Не сидеть же без дела зэкам. Ничего, что увечные! Могут сети вязать, табуретки
сколачивать. Да мало ли чего еще.
Кожевин не хотел ни вязать сети, ни
изготовлять пружины для матрасов. Он хотел на волю. Так же страстно, как
когда-то рвался на фронт. Война застала его студентом-медиком. В военкомате в
его просьбе отказали. Прождав год, он уже на третьем курсе завалил весеннюю
сессию, немало удивив этим преподавателей. Дальше все пошло как по маслу:
несколько месяцев военного училища — и младший лейтенант Кожевин
на фронте.
Как его ранило, он не помнил, потерял сознание сразу.
Никогда он не узнает, кто дотащил его до санбата, как везли в госпиталь в
тихий, далекий от войны городок.
Придя в себя, он понял, что лежит почему-то на животе.
Перед глазами какие-то белые прутья — спинка кровати. Попытался шевельнуться —
острая боль пронзила тело. Услышал голос:
— Очнулся. Надо Виктора Сергеевича позвать.
«Ведь это я Виктор Сергеевич. Куда меня звать?» —
подумал удивленно.
Увидел присевшего перед ним на корточки человека в
белом халате. Человек пристально поглядел в глаза:
— Ожил? Не шевелись пока.
— На спину бы перевернуться, — прохрипел Кожевин.
— Ну, брат, нескоро на спину ляжешь. Она ж у тебя вся
излохмачена. Там осколков вынимать и вынимать.
Врач вдруг кольнул чем-то беспомощную руку Кожевина:
— Больно? Чувствуешь укол?
— Больно.
— Ну, это чудесно.
Не раз, не два побывал Кожевин
на операционном столе. Тезка его резал, кромсал, выбрасывал осколки, сшивал.
Потом, узнав, что пациент его недоучившийся медик, объяснял:
— Ну, коллега, все будет хорошо. Важные органы не
задеты. Я, признаться, за позвоночник ваш опасался. Ничего, срастется. Еще бы
два миллиметра— и полный паралич. Лежать бы вам
неподвижно всю жизнь. А ну, пошевелите пальцами! Чудесно! Молодец! — И
добавлял, устало улыбаясь: — Да и я не промах.
Потом заковали Кожевина в
гипс, и доктор помог встать на слабые ноги. Стал Кожевин
медленно бродить по палате на зависть другим лежачим. Натягивал поверх гипсовой
кольчуги халат, выходил в коридор. А однажды попросил у какого-то
выздоравливающего гитару, струны которой тот перебирал искалеченными,
забинтованными руками. Вспомнил, как певал когда-то на студенческих вечеринках,
тронул уже позабытым движением струны и неожиданно для себя тихонько запел.

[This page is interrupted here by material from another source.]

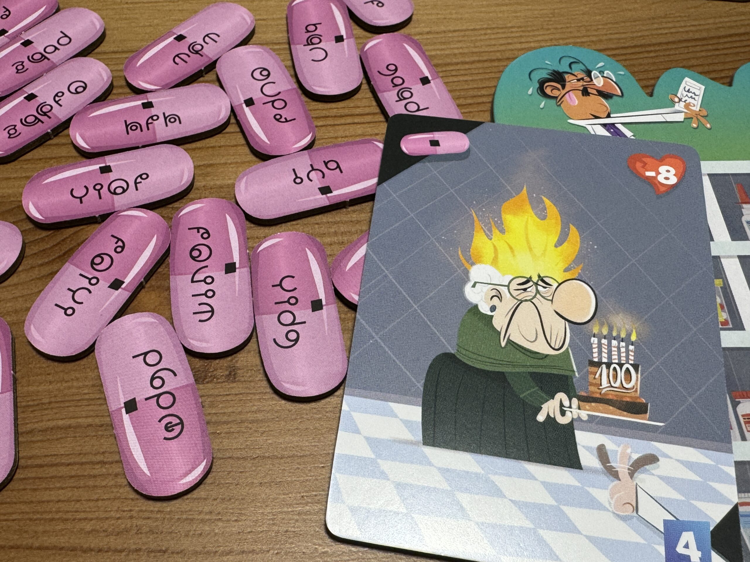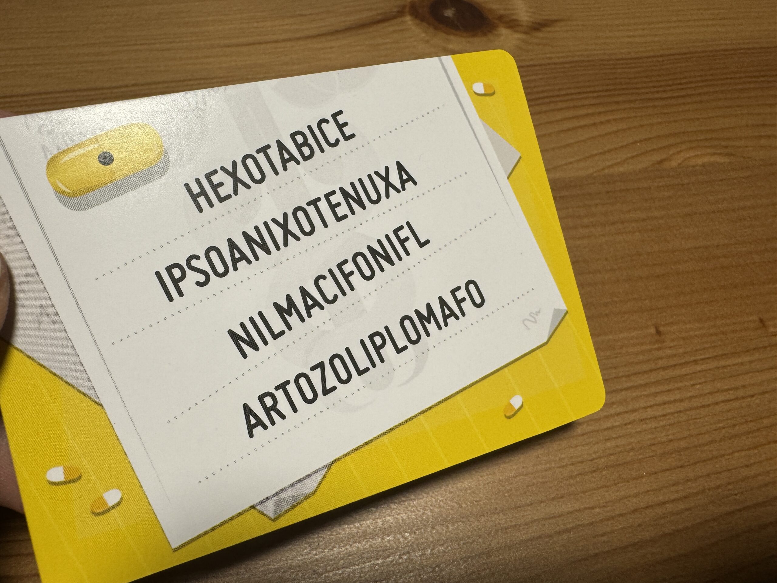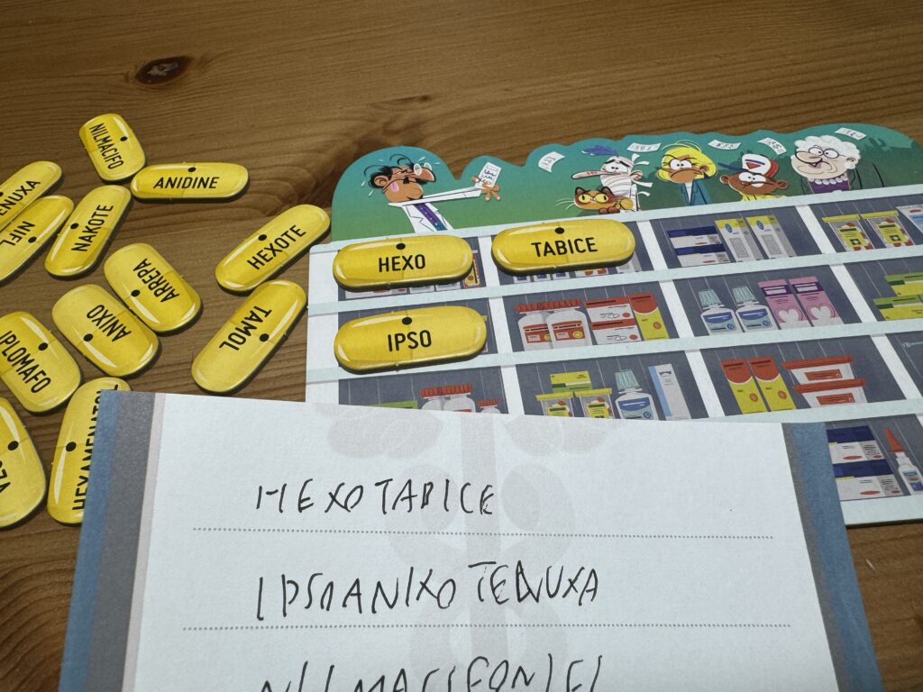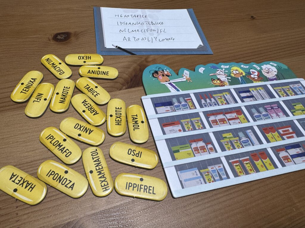 というわけで、ドクターの走り書きによる処方箋が完成しまして、これが薬剤師(残りのプレイヤー)たちへとポンと渡されます。
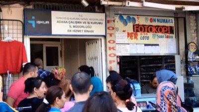 Adana'da genelindeki okullara 2 bin 180 kişinin alınacağı hizmetli, temizlik ve güvenlik görevlisi işleri için başvurmak isteyenler Adana Çalışma ve İş Kurumu Müdürlüğü binaları önünde uzun kuyruklar oluşturdu.

Так и повелось. Вечером после ужина он присаживался на
стул у окна в коридоре и пел, пел. Вспомнил любимое
материнское «Три юных пажа покидали свой город родной» и есенинское «Ты жива ль
еще, моя старушка». И, конечно, Вертинского. Ходячие раненые выползали в
коридор, приостанавливали свою беготню со шприцами, бинтами и суднами
медсестры. Пунцовели щеки санитарки Иры, когда, затуманенно
глядя на нее, певец выводил:
— Я влюблен в ваше тонкое имя, Ирена…
А доктор не унимался — однажды принес в палату
какой-то странный предмет, пояснил:
— Это, коллега, для вас. Сейчас снимем ваш панцирь.
Наденем новый, более легкий. Это что-то вроде корсета, будете как дама в
девятнадцатом веке. Сам я эту конструкцию сотворил. Ее можно регулировать под
вашу фигуру.
Виктор примолк и все молчал, пока сестра разрезала
гипс и облачала Кожевина в корсет. А Виктор Сергеевич
спал, сидя на стуле: вымотали чуть не круглосуточные бдения в операционной.
Потом он встрепенулся, оглядел Кожевина, что-то
подправил, подтянул… Наказал:
— Без меня сами не регулируйте. В крайнем случае вон Надю зовите. Тут не жмет? А тут? А тут? Чудесно.
И вышел, легкий и бодрый,
точно не десять минут дремал, а спал полных восемь часов.
В дверях обернулся и сказал:
— С завтрашнего дня приступайте к работе. Я с главным
договорился. У нас людей мало. А вы все
же медик. Нечего зря казенный харч кушать.
С этого дня стал Кожевин
работать. Делал перевязки, ставил уколы, ассистировал при несложных операциях.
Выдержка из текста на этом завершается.